Pu Erh Tea - What is it?
Pu Erh Tea
We’ve embraced Pu Erh tea wholeheartedly at Blue Mountain Tea Company and are creating converts every day! If that sounds a bit evangelical - guilty as charged. I’ve personally experienced the benefits of this tea – as a hangover cure, a meditative aid and a stomach soother and I’m so excited to share it with our customers.
So what is Pu Erh?
Pu Erh is an elixir as much as a tea. Similar to sparkling wine, which can only be called Champagne if it comes from that region, post fermented black tea cannot be designated Pu Erh unless it comes from the Yunnan district in South Western China. It's one of the few teas to be designated a protected origin product by the Chinese government. This incredibly complex and interesting tea is valued not only for its medicinal qualities but also for its refined, ever changing taste. Collectors seek out the very best aged tea which can be upwards of 150 years old and will pay 10s of thousands of dollars for it.
It begins with the Camelia Sinensis plant as all Chinese teas do. It comes however, from ancient trees and it is sold in two forms – Sheng (Raw) and Shou (Ripe).
The process for both starts the same way. Fresh picked tea is tossed in giant woks over an open flame, to halt the oxidation but not so long as to drive off all moisture and kill natural bacteria. The tea is then left to dry in the sun, but the bacteria live on. The tea is compressed into cakes or bricks and stored for years or decades, continuing to ferment.
Aged 'Raw' (Sheng): There are many schools on how to age pu-erh, but all involve controlled heat and humidity to smooth out the tea's rough edges and make for a dark, deep flavoured, smooth brew with woodsy, earthy qualities.
'Ripe' (Shou): In the late 70s a new technique was developed as demand for the aged tea exploded. The tea makers developed an expedited fermentation process, bringing bricks of tea to market within 6 months of harvest. The leaves are piled in rooms and left to effectively compost for months in the heat and humidity from their own biomass.

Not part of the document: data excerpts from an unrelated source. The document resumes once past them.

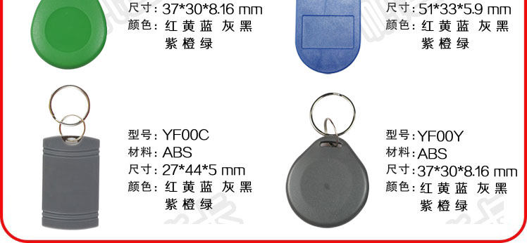 ID彩色钥匙扣卡,光面刻码。本店所售所有钥匙扣,质量优良,全部采用大线圈,大外壳读卡距离良好。具有良好的性价比。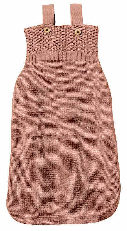Der Schlummmersack wird mit einem feinen elastischen Feinstrick gewebt und mit 2 Holzknöpfen für die Träger verziert. An den Beinchen bietet er geräumig Platz zum Strampeln, insgesamt aber ein warmes Gefühl von Geborgenheit.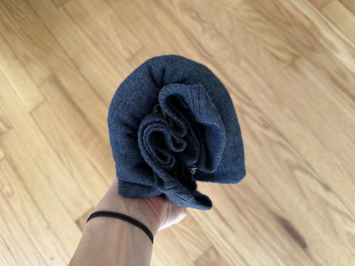 Having a sweater like the Ultralight Crew packed in my bags for shoulder season trips means much less bulk. You can see here how it wraps up and is a fraction of the size of a bulkier wool sweater that would typically come with me on a trip at the end of fall or during winter.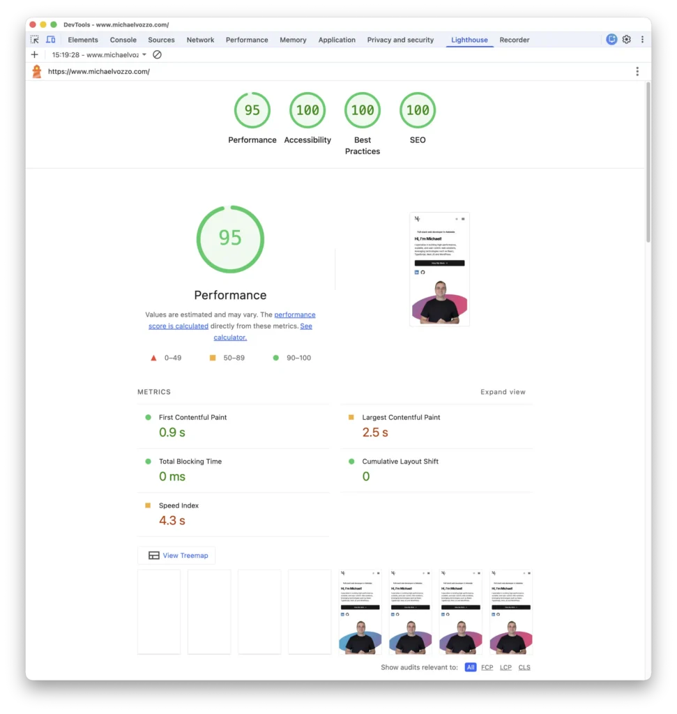 Previously, I was using a combination of DreamHost for affordable WordPress hosting and Vercel for free Next.js hosting. You can see the results of my old site below:

The flavour is less deep and complex.
Chinese Medicinal Use
The Chinese believe that Pu Erh tea has greater health benefits than other teas. Pu Erh tea goes through a special fermentation process that makes it very beneficial to the digestive system. It is often used medicinally to lower cholesterol as it contains lovastatin. It’s also been promoted to remove toxins from the body, cure dysentery, induce weight loss, improve eyesight and promote blood circulation.
Pu-erh tea is also used for improving mental focus and clear thinking.

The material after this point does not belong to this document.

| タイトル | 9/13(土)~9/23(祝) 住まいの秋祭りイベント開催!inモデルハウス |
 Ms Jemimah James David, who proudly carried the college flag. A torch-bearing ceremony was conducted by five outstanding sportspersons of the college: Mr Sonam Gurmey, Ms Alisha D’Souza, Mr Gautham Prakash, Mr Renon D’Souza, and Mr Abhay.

Most tea farmers sell their dried tea directly to vendors or wholesalers, but with pu-erh there's usually a middle step. Farmers sell their finished loose leaves (called maocha) to processors who often blend leaves from several sources, steam them, then compress them under heavy weights into a variety of shapes, such as frisbee-like cakes, square bricks, and small concave nests. This Ming Dynasty-era practice was originally developed to make tea easier to transport over long distances, but these days is reserved for teas designed for aging; the compressed form makes for a more stable and portable aging environment as time does its thing.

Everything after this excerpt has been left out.